Exercise requirements: Give back each record precisely, pictures excluded.

Supplied material:
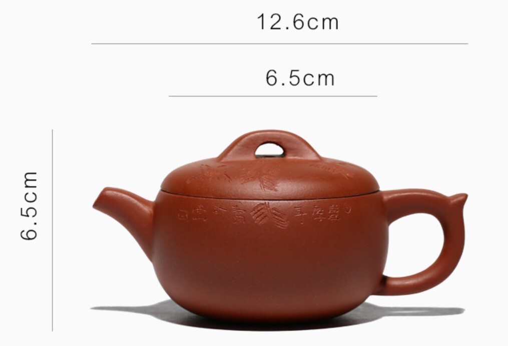 Чайник изготовлен из красной глины, имеет плавные линии и необычную форму, отчасти напоминающую популярный «Ханьский Мост». Крышка плотно притерта, слив быстрый и ровный, горлышко достаточно широкое для любыз крупнолистовых сортов чая.
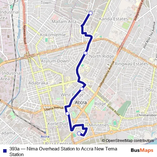 The first stop of the 393a bus route is Terminal Nima Overhead Station and the last stop is Terminal Accra New Tema Station. 393a (Nima Overhead Station to Accra New Tema Station) is operational during everyday.
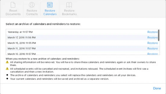 2. Adım:“Ayarlar” a basın, “Gelişmiş” seçeneğini tıklayın ve “Takvimleri ve Hatırlatıcıları Geri Yükle” yi seçin.
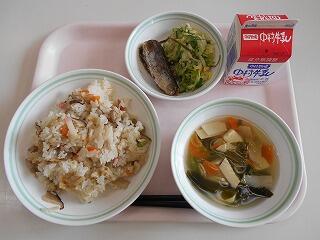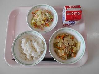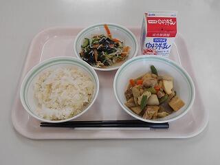 たけのこごはん・牛乳・厚あげのあんかけ・れんこんのサラダ
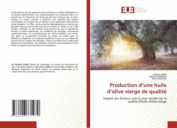 L'huile d'olive est très appréciée pour sa flaveur, sa valeur biologique et sa qualité nutritionnelle. Ces caractéristiques sont fortement liées à la qualité qui est influencée de même par plusieurs facteurs pré- et post-récolte. Ce travail consiste à présenter une synthèse des travaux scientifiques sur l'impact de ces facteurs sur la qualité de l'huile d'olive vierge produite. En effet, cette recherche bibliographique a montré que plusieurs facteurs pré-récolte tels que le cultivar, le climat, le sol, l'âge d'arbre, l'altitude, et des facteurs post-récolte tels que la période de récolte, le mode d'extraction, les conditions de stockage...influencent significativement les caractéristiques de l'huile produite, son arome, son goût, sa composition chimique (sa teneur en acides gras, en phénols, en pigments, en composés volatiles) et aussi sur ses critéres de qualité tel que l'indice de peroxyde, l'indice d'acidité et les coefficients d'extinctions spécifiques. Les meilleurs conditions pour l'obtention d'une l'huile de qualité pourraient être ainsi proposées.
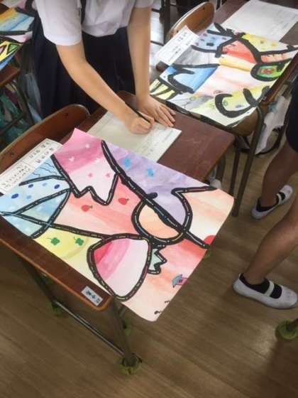 図工の時間に、自分の名前をモチーフにした作品「名前でアート」を描きました。
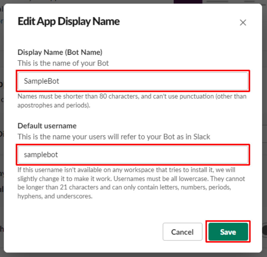 - 「Edit App Display Name」画面にて、「Display Name (Bot Name)」に表示名(日本語可)、「Default username」にユーザー名(※小文字英語のみ)を入力し、「Save」をクリックします。
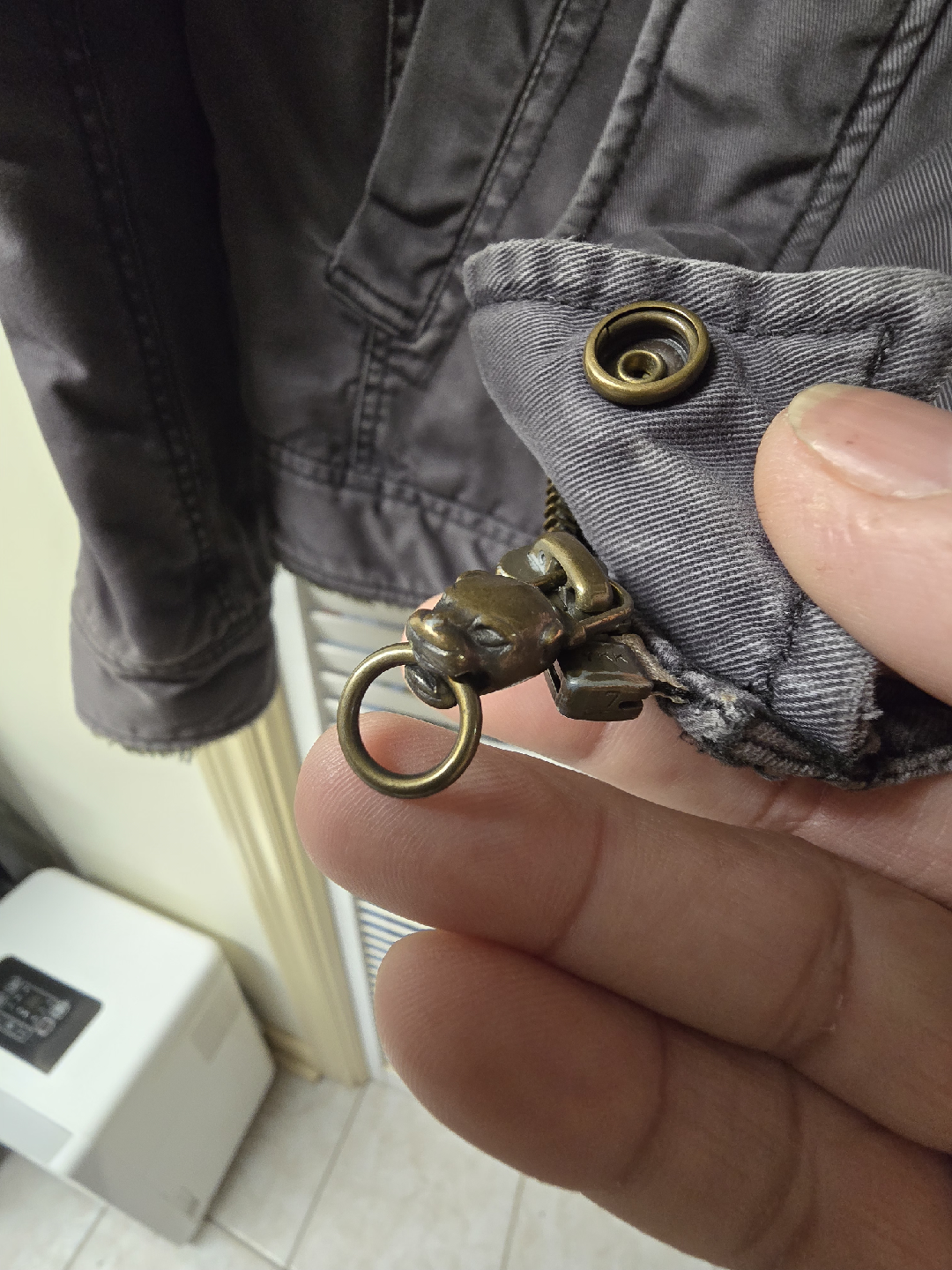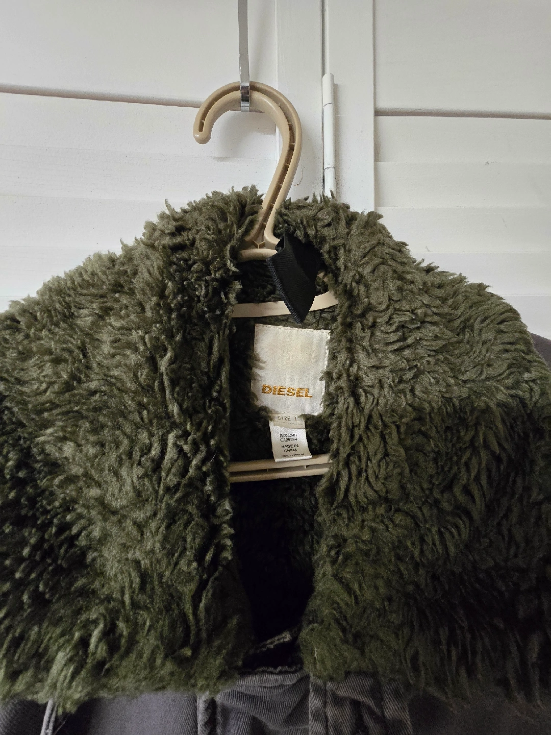 Diesel jacket featuring a faux fur collar. The jacket is a size L and has a unique zipper pull. It's in great condition and ready for a new home!
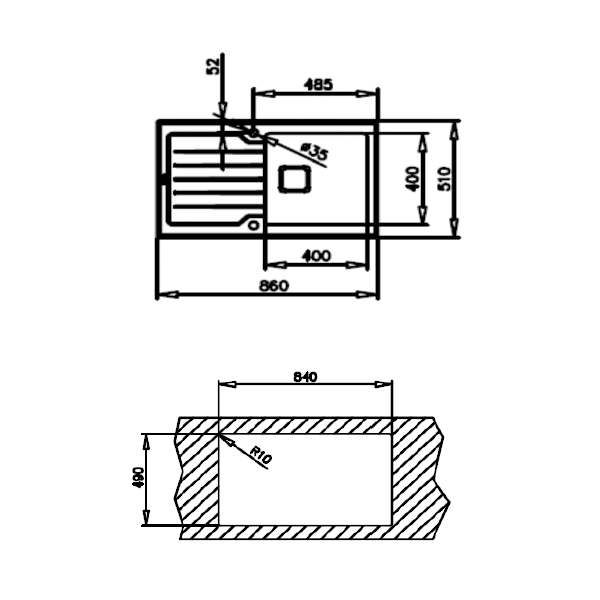 bacia principal (PxL):400 x 400mm
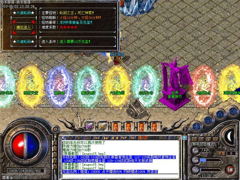 增加地图:顶级狂暴城,六道轮回(六层),狂想天空(四层),必杀山谷(四层)
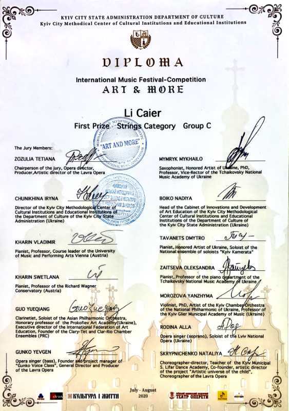 2020年乌克兰Art&More国际音乐节比赛中获弦乐组一等奖;
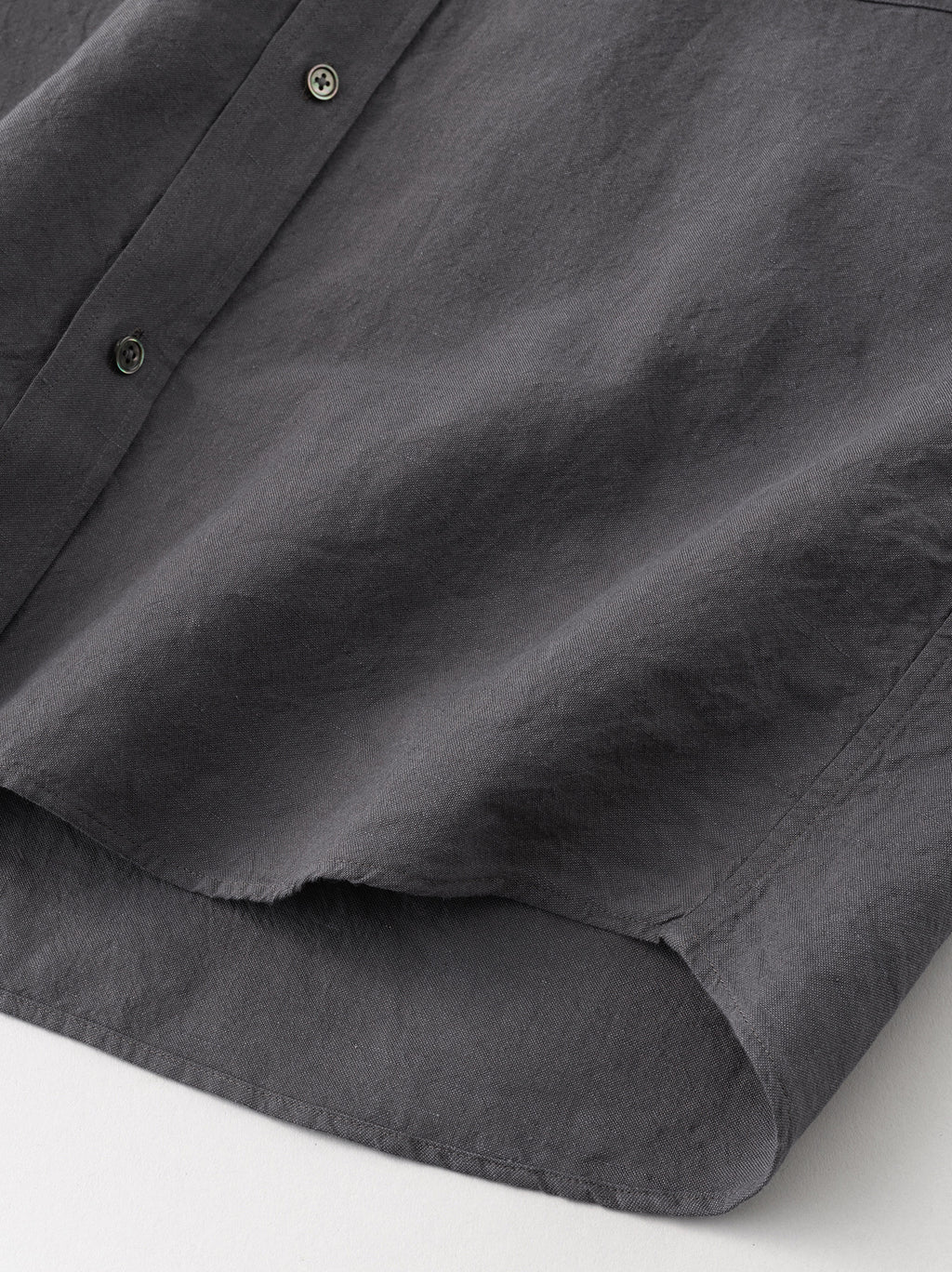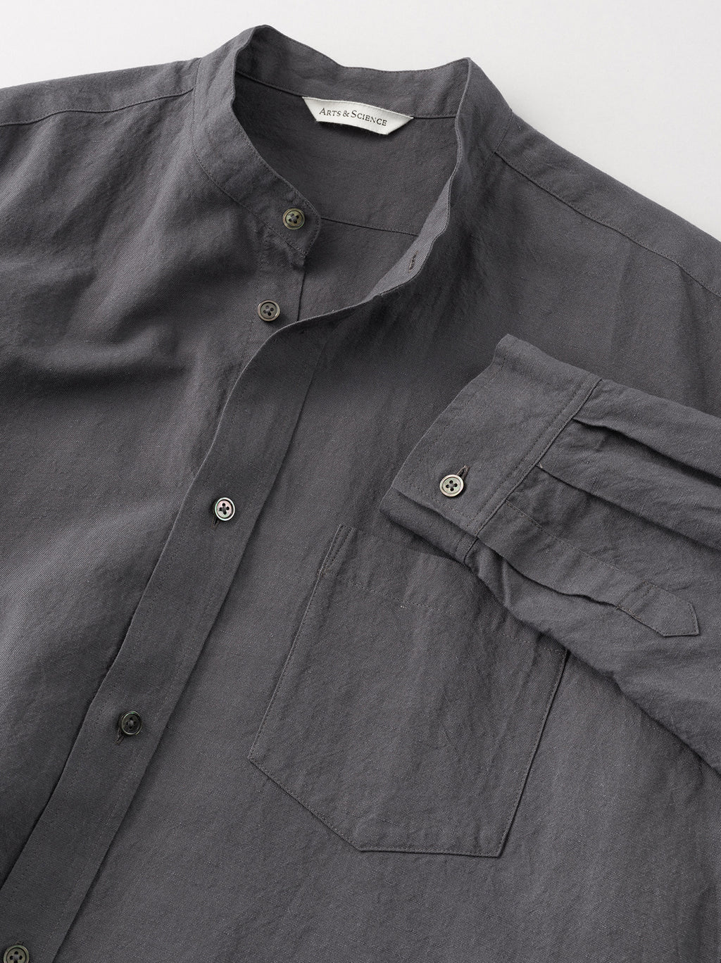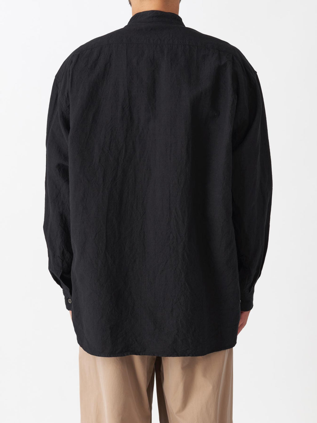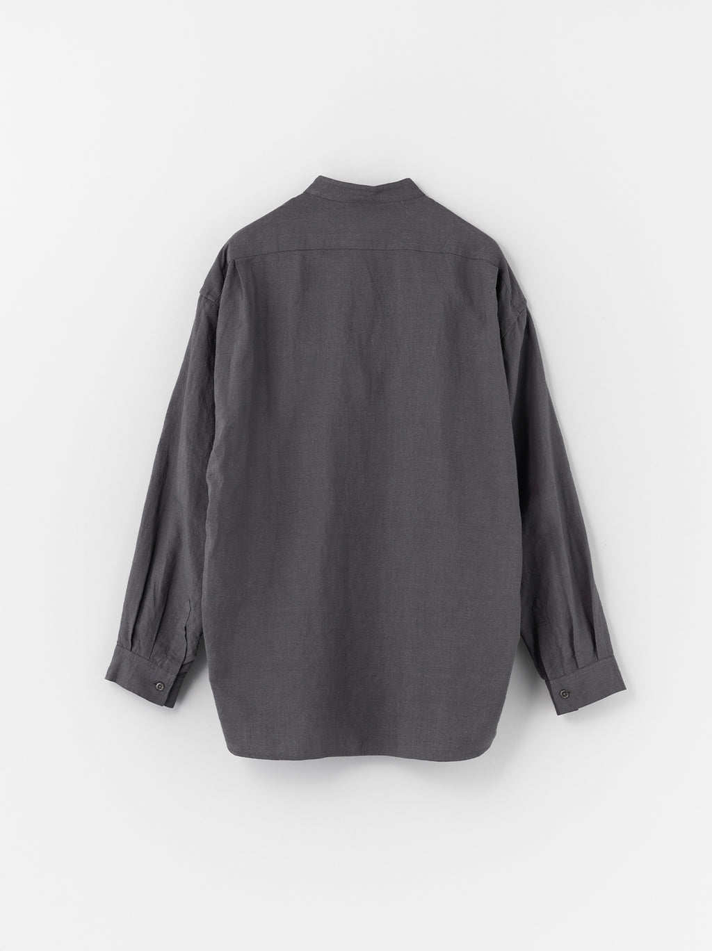 身幅に適度にゆとりを持たせたオーソドックスなバンドカラーシャツ。肩幅や袖周りにもゆとりがあり、快適に着用することができる。生地はA&Sの定番生地“Cotton Linen OX”を使用。

Response:
 Чайник изготовлен из красной глины, имеет плавные линии и необычную форму, отчасти напоминающую популярный «Ханьский Мост». Крышка плотно притерта, слив быстрый и ровный, горлышко достаточно широкое для любыз крупнолистовых сортов чая.
 The first stop of the 393a bus route is Terminal Nima Overhead Station and the last stop is Terminal Accra New Tema Station. 393a (Nima Overhead Station to Accra New Tema Station) is operational during everyday.
 2. Adım:“Ayarlar” a basın, “Gelişmiş” seçeneğini tıklayın ve “Takvimleri ve Hatırlatıcıları Geri Yükle” yi seçin.
 たけのこごはん・牛乳・厚あげのあんかけ・れんこんのサラダ
 L'huile d'olive est très appréciée pour sa flaveur, sa valeur biologique et sa qualité nutritionnelle. Ces caractéristiques sont fortement liées à la qualité qui est influencée de même par plusieurs facteurs pré- et post-récolte. Ce travail consiste à présenter une synthèse des travaux scientifiques sur l'impact de ces facteurs sur la qualité de l'huile d'olive vierge produite. En effet, cette recherche bibliographique a montré que plusieurs facteurs pré-récolte tels que le cultivar, le climat, le sol, l'âge d'arbre, l'altitude, et des facteurs post-récolte tels que la période de récolte, le mode d'extraction, les conditions de stockage...influencent significativement les caractéristiques de l'huile produite, son arome, son goût, sa composition chimique (sa teneur en acides gras, en phénols, en pigments, en composés volatiles) et aussi sur ses critéres de qualité tel que l'indice de peroxyde, l'indice d'acidité et les coefficients d'extinctions spécifiques. Les meilleurs conditions pour l'obtention d'une l'huile de qualité pourraient être ainsi proposées.
 図工の時間に、自分の名前をモチーフにした作品「名前でアート」を描きました。
 - 「Edit App Display Name」画面にて、「Display Name (Bot Name)」に表示名(日本語可)、「Default username」にユーザー名(※小文字英語のみ)を入力し、「Save」をクリックします。
 Diesel jacket featuring a faux fur collar. The jacket is a size L and has a unique zipper pull. It's in great condition and ready for a new home!
 bacia principal (PxL):400 x 400mm
 增加地图:顶级狂暴城,六道轮回(六层),狂想天空(四层),必杀山谷(四层)
 2020年乌克兰Art&More国际音乐节比赛中获弦乐组一等奖;
 身幅に適度にゆとりを持たせたオーソドックスなバンドカラーシャツ。肩幅や袖周りにもゆとりがあり、快適に着用することができる。生地はA&Sの定番生地“Cotton Linen OX”を使用。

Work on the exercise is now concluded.